Many of these same features have been identified as
correlates of affect intensity in humans. Thus, variation in
amplitude, tempo, F 0 , F 0 range, and F 0 contours are among
the most commonly cited features associated with arousal
variation reviewed in Murray and Arnot, 1993; Scherer,
1995; Bachorowski, 1999. Although their connection to different discrete emotions e.g., joy, sadness, anger, surprise is
more equivocal, increases in each feature are typically associated with an increase in generalized psychophysiological
arousal.

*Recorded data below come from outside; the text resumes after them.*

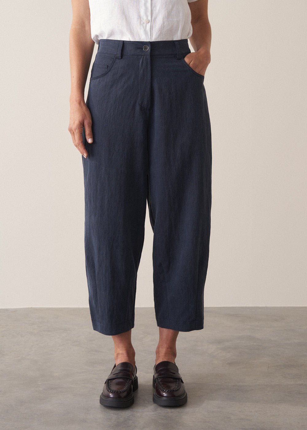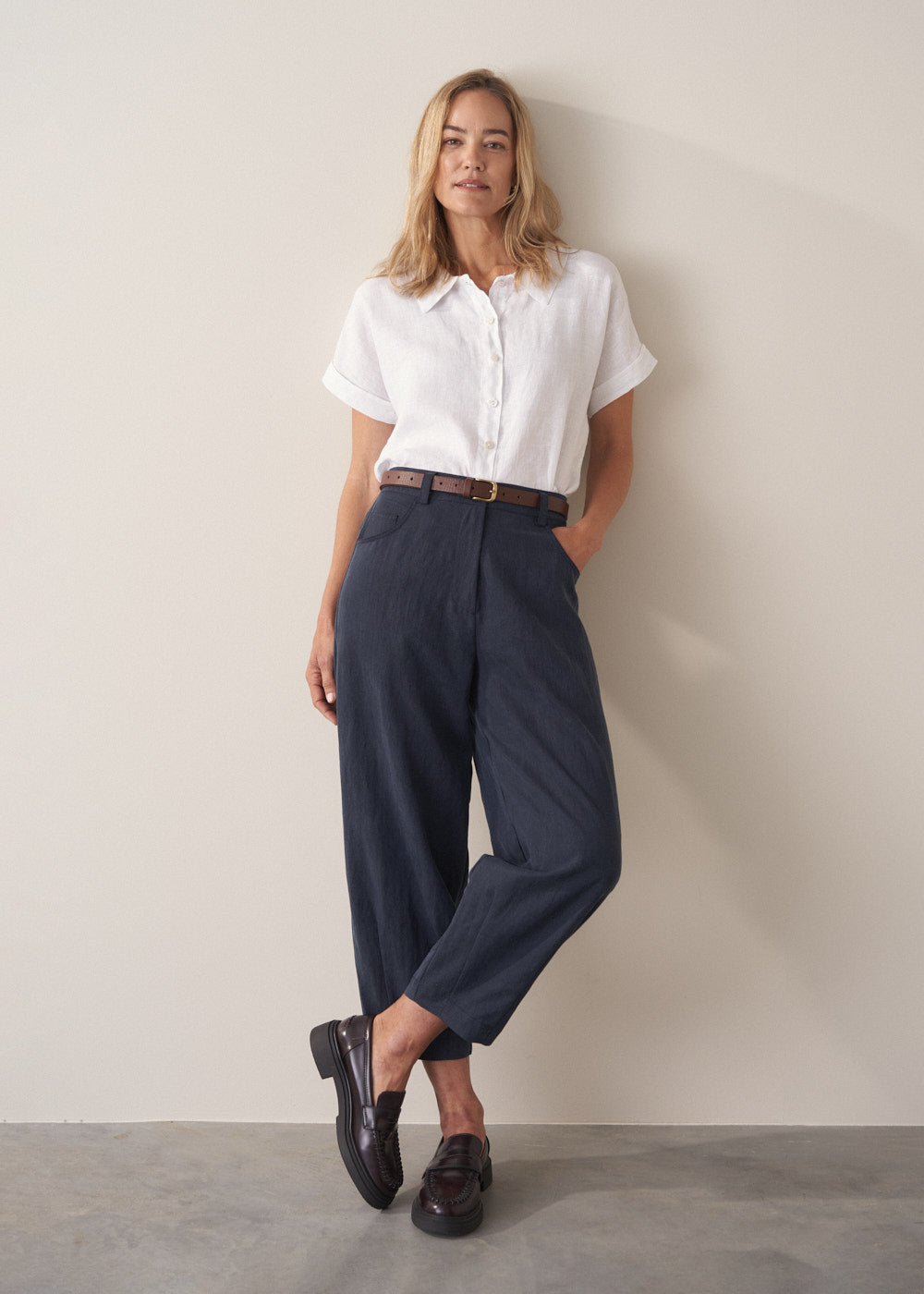 The latest take on our popular Elise trousers is now available with a smooth cupro finish that combines comfort and sophistication to create a temperature-friendly, versatile wardrobe essential.
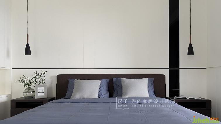 主臥床頭以護(hù)墻板跳接黑鏡設(shè)計(jì),延續(xù)主人喜愛的黑白時(shí)尚。
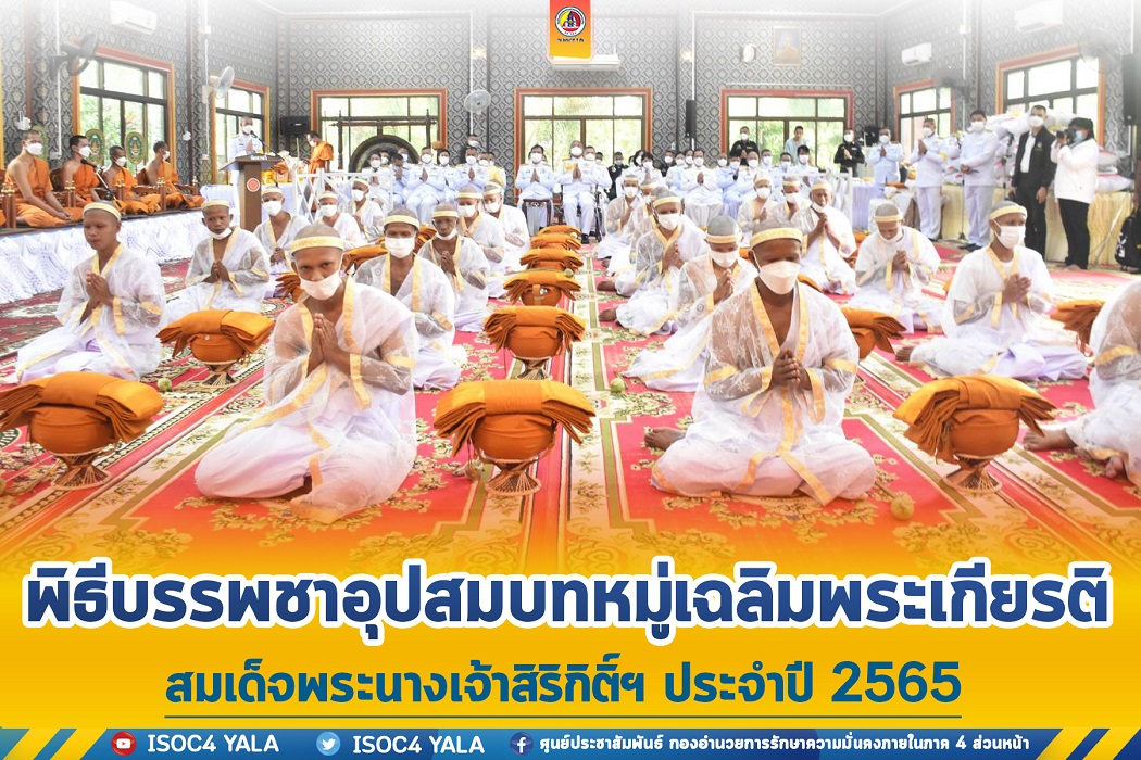 ทั้งนี้ กองอำนวยการรักษาความมั่นคงภายในภาค 4 ส่วนหน้า โดยศูนย์ประสานงานโครงการอันเนื่องมาจากพระราชดำริ ได้กำหนดจัดพิธีบรรพชาอุปสมบทหมู่เฉลิมพระเกียรติ สมเด็จพระนางเจ้าสิริกิติ์ พระบรมราชินีนาถ พระบรมราชชนนีพันปีหลวง ประจำปี 2565 ในพื้นที่ 3 จังหวัดชายแดนภาคใต้ และ 4 อำเภอของจังหวัดสงขลา ตามพระราชเสาวนีย์สมเด็จพระนางเจ้าสิริกิติ์ พระบรมราชินีนาถ พระบรมราชชนนีพันปีหลวง ที่ทรงมีพระราชปณิธานอันแน่วแน่ ในการทำนุบำรุงพระพุทธศาสนาให้ดำรงคงมั่นอยู่ในพื้นที่เป็นที่พึ่งทางใจของชาวไทยที่นับถือพระพุทธศาสนา ตลอดจนถวายเป็นพระราชกุศลแด่พระบาทสมเด็จพระปรเมนทร รามาธิบดี ศรีสินทร มหาวชิราลงกรณ พระวชิรเกล้าเจ้าอยู่หัว สมเด็จพระนางเจ้าสิริกิติ์ พระบรมราชินีนาถ พระบรมราชชนนีพันปีหลวง และสมเด็จพระนางเจ้าสุทิดา พัชรสุธาพิมลลักษณ พระบรมราชินี รวมทั้งให้วัด สำนักสงฆ์ และพระสงฆ์ สามารถดำรงสภาพอยู่ได้ พระสงฆ์ไม่ทิ้งวัดสามารถปฏิบัติศาสนกิจได้ และให้ผู้มีจิตศรัทธาที่เข้าร่วมอุปสมบทจำพรรษาได้ประกอบพิธีกรรมทางพระพุทธศาสนา ทดแทนพระคุณบุพการี ผู้มีอุปการะคุณ และศึกษาเรียนรู้หลักธรรมคำสอนตามหลักศาสนา

Several additional features related to voice quality
are also commonly examined as indices of affect intensity in
humans. These include short term variation in the frequency
and amplitude of vocal-fold vibration jitter and shimmer, respectively, and the relative emphasis of F 0 compared to its harmonics. These various measures of voice
quality are often connected to perceptions of roughness,
hoarseness, or breathiness in the voice and have been studied
as potential indices of age and vocal pathology, but also of
arousal variation e.g., Williams and Stevens, 1972; van Bezooyen, 1984; Bachorowski and Owren, 1995a; Protopapas
and Eimas, 1997; Protopapas and Lieberman, 1997.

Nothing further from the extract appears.